Firstly, we localized the EnFEVER dataset, using a document alignment between Czech and English Wikipedia abstracts extracted from the interlingual links. We obtain and publish the CsFEVER dataset of 127k machine-translated claims with evidence enclosed within the Czech Wikipedia dump. We then validate our alignment scheme and measure a 66% precision using hand annotations over a 1% sample of obtained data. Therefore, we recommend the data for models less sensitive to noise and we proceed to utilize CsFEVER for training non-critical retrieval models for our annotation experiments and for recall estimation of our baseline models. Furthermore, we publish a CsFEVER-NLI dataset of 228k context-query pairs directly translated from English to Czech that bypass its issue with noise for the subroutine task of Natural Language Inference.

Secondly, we executed a series of human annotation runs with 163 students of journalism to acquire a novel dataset in Czech. As opposed to similar annotations that extracted claims and evidence from Wikipedia  (Thorne et al., 2018a; Nørregaard & Derczynski, 2021; Aly et al., 2021), we annotated our dataset on top of a CTK corpus extracted from a news agency archive to explore this different relevant language form. We collected a raw dataset of 3,116 labeled claims, 57% of which have at least two independent cross-annotations. From these, we calculate Krippendorff’s alpha to be 56.42% and 4-ways Fleiss’ \(\kappa\) to be 63%. We proceed with manual and human-and-model-in-the-loop annotation cleaning to remove conflicting and malformed annotations, arriving at the thoroughly cleaned CTKFacts dataset of 3,097 claims and their veracity annotations complemented with evidence from the CTK corpus. We release its version for NLI called CTKFactsNLI to maintain corpus trade secrecy.

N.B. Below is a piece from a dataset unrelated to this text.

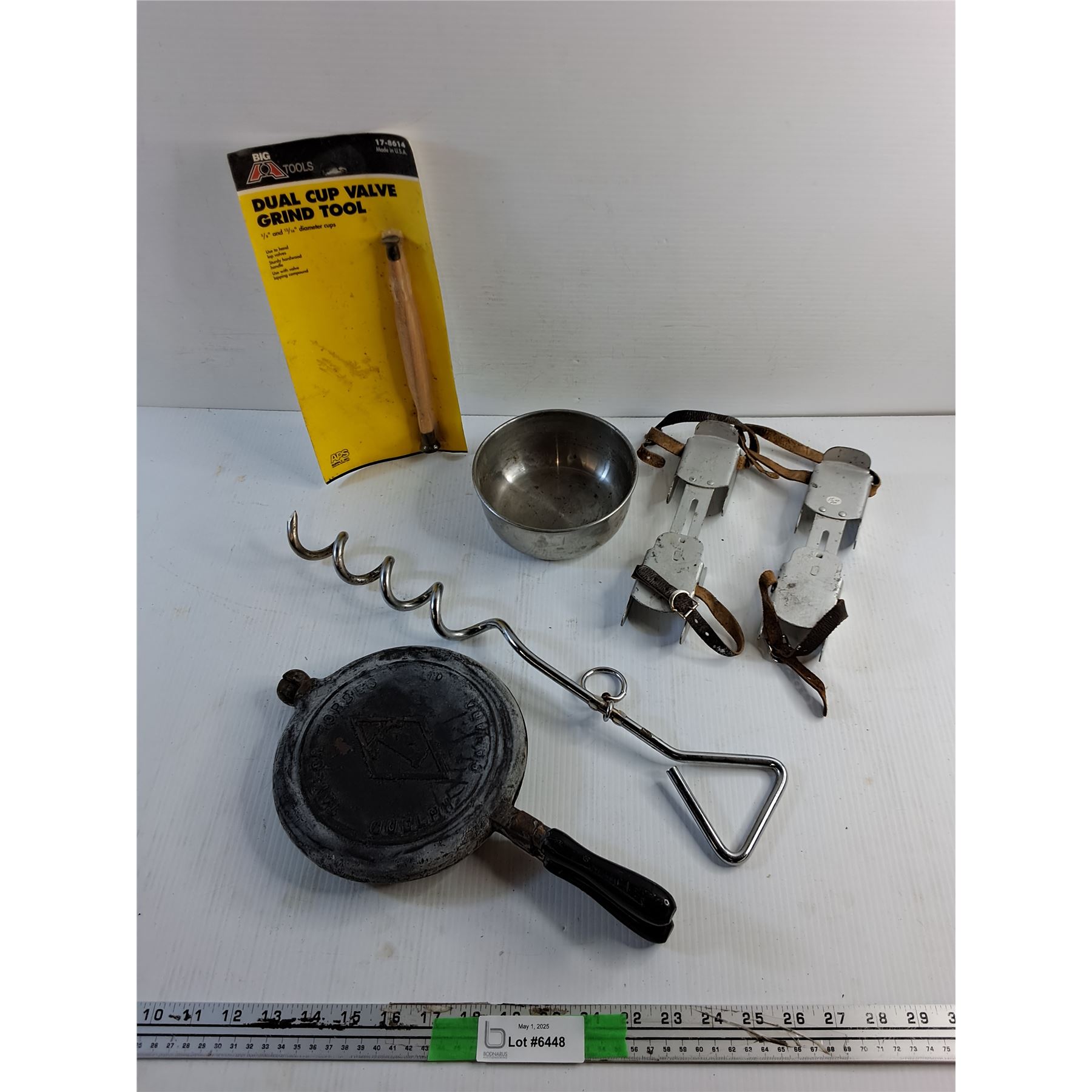 Dual Cup Valve Grind Tool, Metal Bowl, Vintage Skates and Cast Iron Waffle Pan

Finally, we use our datasets to train baseline models for the full fact-checking pipeline composed of Document Retrieval and Natural Language Inference tasks.

7.1 Future work

  • The fact-checking pipeline is to be augmented by the check-worthiness estimation (Nakov et al., 2021), that is, a model that classifies which sentences of a given text in Czech are appropriate for the fact verification. We are currently working on models that detect claims within the Czech Twitter, and a strong predictor for this task would also strengthen our annotation scheme from Sect. 4.5 that currently relies on hand-picked check-worthy documents.

  • While the SUPPORTS, REFUTES and NEI classes offer a finer classification w.r.t. evidence than binary true/false, it is a good convention of fact-checking services to use additional labels such as MISINTERPRETED, that could be integrated into the common automated fact verification scheme if well formalised.

  • The claim extraction schemes like that from Thorne et al. (2018a) or Sect. 4.5 do not necessarily produce organic claims capturing the real-world complexity of fact-checking. For example, just the EnFEVER train set contains hundreds of claims of form “X is a person.”. This problem does not have a trivial solution, but we suggest integrating real-world claims sources, such as Twitter, into the annotation scheme.

  • While the FEVER localization scheme from Sect. 3.1 yielded a rather noisy dataset, its size and document precision encourage deployment of a model-based cleaning scheme like that from Jeatrakul et al. (2010) to further refine its results. I.e., a well performing NLI model could do well in pruning the invalid datapoints of CsFEVER without further annotations.